An In-Depth Investigation Into Short-Circuit Failure Mechanisms of State-of-the-Art 1200 V Double Trench SiC MOSFETs

In this article, the short-circuit capability of 1200 V state-of-the-art silicon carbide (SiC) metal-oxide-semiconductor field-effect transistor (mosfet) featuring reinforced double trench structure (named RDT-MOS) is investigated comprehensively, involving the maximum short-circuit time and energy under various dc bus voltages and gate driving voltages. Furthermore, the corresponding failure mechanisms of RDT-MOS are revealed through finite-element simulation and microcosmic failure analysis. Under zero turn-off gate bias, the temperature exceeds the critical limit of melting aluminum and thermal runaway under dc bus voltages of 400 V and 800 V, respectively.
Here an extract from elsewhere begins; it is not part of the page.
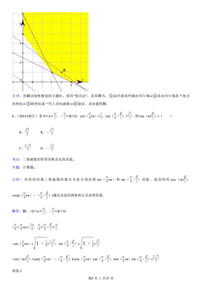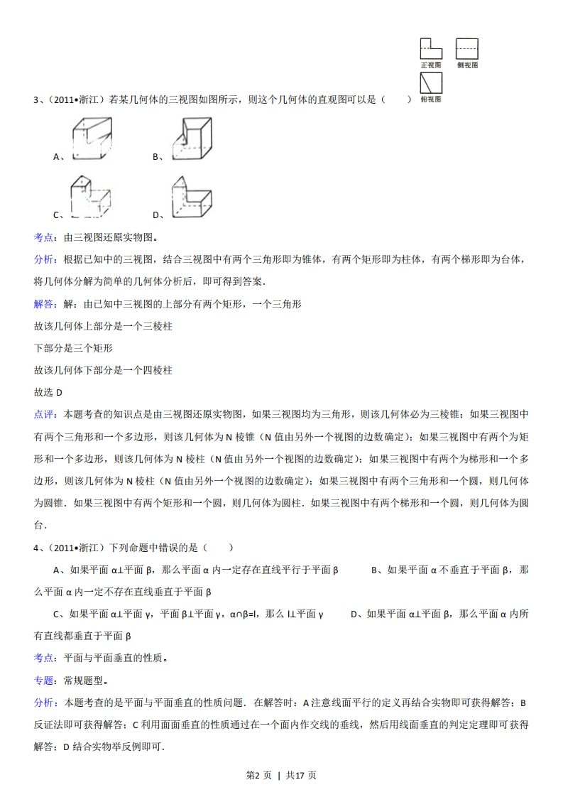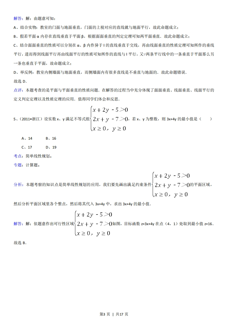 2011年浙江省高考数学试卷(理科)解析卷一、选择题(共10小题,每小题5分,满分50分)-X,x≤01、(2011·浙江)设函数f(x)={若f(a)=4,则实数a=()x2,x>0A、-4或-2B、-4或2C、-2或4D、-2或2考点:分段函数的解析式求法及其图象的作法。专题:计算题。分析:分段函数分段处理,我们利用分类讨论的方法,分a≤0与>0两种情况,根据各段上函数的解析式,分别构造关于a的方程,解方程即可求出满足条件的a值.解答:解:当as0时若f(a)=4,则-a=4,解得a=-4当a>0时若f(a)=4,则a2=4,解得a=2或a=-2(舍去)故实数a=-4或a=2故选B点评:本题考查的知识点是分段函数,分段函数分段处理,这是研究分段函数图象和性质最核心的理念,具体做法是:分段函数的定义域、值域是各段上x、y取值范围的并集,分段函数的奇偶性、单调性要在各段上分别论证:分段函数的最大值,是各段上最大值中的最大者,2、(2011·浙江)把复数z的共轭复数记作Z,i为虚数单位.若z=1+i,则(1+z)·Z=()A、3-iB、3+iC、1+3iD、3考点:复数代数形式的混合运算。专题:计算题。分析:求出Z,然后代入(1+z)·Z,利用复数的运算法则展开化简为:a+bi(a,bER)的形式,即可得到答案.解答:解::复数=1+i,i为虚数单位,Z=1-i,则(1+z)Z=(2+i)(1-1)=3-i故选A.点评:本题考查复数代数形式的混合运算,共轭复数,考查计算能力,是基础题,常考题型.第1页1共17页正图侧视图3、(2011·浙江)若某几何体的三视图如图所示,则这个几何体的直观图可以是(视图D考点:由三视图还原实物图。分析:根据己知中的三视图,结合三视图中有两个三角形即为锥体,有两个矩形即为柱体,有两个梯形即为台体,将几何体分解为简单的几何体分析后,即可得到答案。解答:解:由己知中三视图的上部分有两个矩形,一个三角形故该几何体上部分是一个三棱柱下部分是三个矩形故该几何体下部分是一个四棱柱故选D点评:本题考查的知识点是由三视图还原实物图,如果三视图均为三角形,则该几何体必为三棱锥:如果三视图中有两个三角形和一个多边形,则该几何体为N棱锥(N值由另外一个视图的边数确定):如果三视图中有两个为矩形和一个多边形,则该几何体为N棱柱(N值由另外一个视图的边数确定):如果三视图中有两个为梯形和一个多边形,则该几何体为N棱柱(N值由另外一个视图的边数确定):如果三视图中有两个三角形和一个圆,则几何体为圆锥.如果三视图中有两个矩形和一个圆,则几何体为圆柱.如果三视图中有两个梯形和一个圆,则几何体为圆台.4、(2011·浙江)下列命题中错误的是()A、如果平面α⊥平面B,那么平面α内一定存在直线平行于平面BB、如果平面a不垂直于平面B,那么平面α内一定不存在直线垂直于平面BC、如果平面a⊥平面y,平面B⊥平面y,anBl,那么山平面yD、如果平面L平面B,那么平面a内所有直线都垂直于平面β考点:平面与平面垂直的性质。专题:常规题型。分析:本题考查的是平面与平面垂直的性质问题.在解答时:A注意线面平行的定义再结合实物即可获得解答:B反证法即可获得解答:C利用面面垂直的性质通过在一个面内作交线的垂线,然后用线面垂直的判定定理即可获得解答:D结合实物举反例即可.第2页1共17页解答:解:由题意可知:A、结合实物:教室的门面与地面垂直,门面的上棱对应的直线就与地面平行,故此命题成立:B、假若平面α内存在直线垂直于平面B,根据面面垂直的判定定理可知两平面垂直.故此命题成立:C、结合面面垂直的性质可以分别在α、B内作异于|的直线垂直于交线,再由线面垂直的性质定理可知所作的垂线平行,进而得到线面平行再由线面平行的性质可知所作的直线与丨平行,又:两条平行线中的一条垂直于平面那么另一条也垂直于平面,故命题成立:D、举反例:教室内侧墙面与地面垂直,而侧墙面内有很多直线是不垂直与地面的.故此命题错误.故选D.点评:本题考查的是平面与平面垂直的性质问题.在解答的过程当中充分体现了面面垂直、线面垂直、线面平行的定义判定定理以及性质定理的应用.值得同学们体会和反思x+2y-505、(2011·浙江)设实数×、y满足不等式组2X十y-7>0,若×、y为整数,则3x+4y的最小值是()x20,y20A、14B、16C、17D、19考点:简单线性规划。专题:计算题。x+2y-5>0分析:本题考察的知识点是简单线性规划的应用,我们要先画出满足约束条件2X十y-7>0的平面区域,x≥0,y≥0然后分析平面区域里各个整点,然后将其代入3x+4y中,求出3x+4y的最小值.2x+2y-50解答:解:依题意作出可行性区域2X十y-7>0如图,目标函数z=3x+4y在点(4,1)处取到最小值2=16.x20,y20故选B.第3页共17页

The failure mechanism evolves from the fracture of interlayer dielectric to thermal runaway when increasing bus voltage from 400 to 800 V. Under negative turn-off gate bias, meanwhile, the breakdown of gate trench oxide occurs near the N+ region in the 400 V case and near both the current spreading layer region and the N+ region in the 800 V case. The location of breakdown evolves from a single region to multi-regions from 400 to 800 V. In brief, the article timely provides significant physical insights to better understand short-circuit capability and failure mechanisms and promotes the safe use of SiC mosfets in practical power circuits.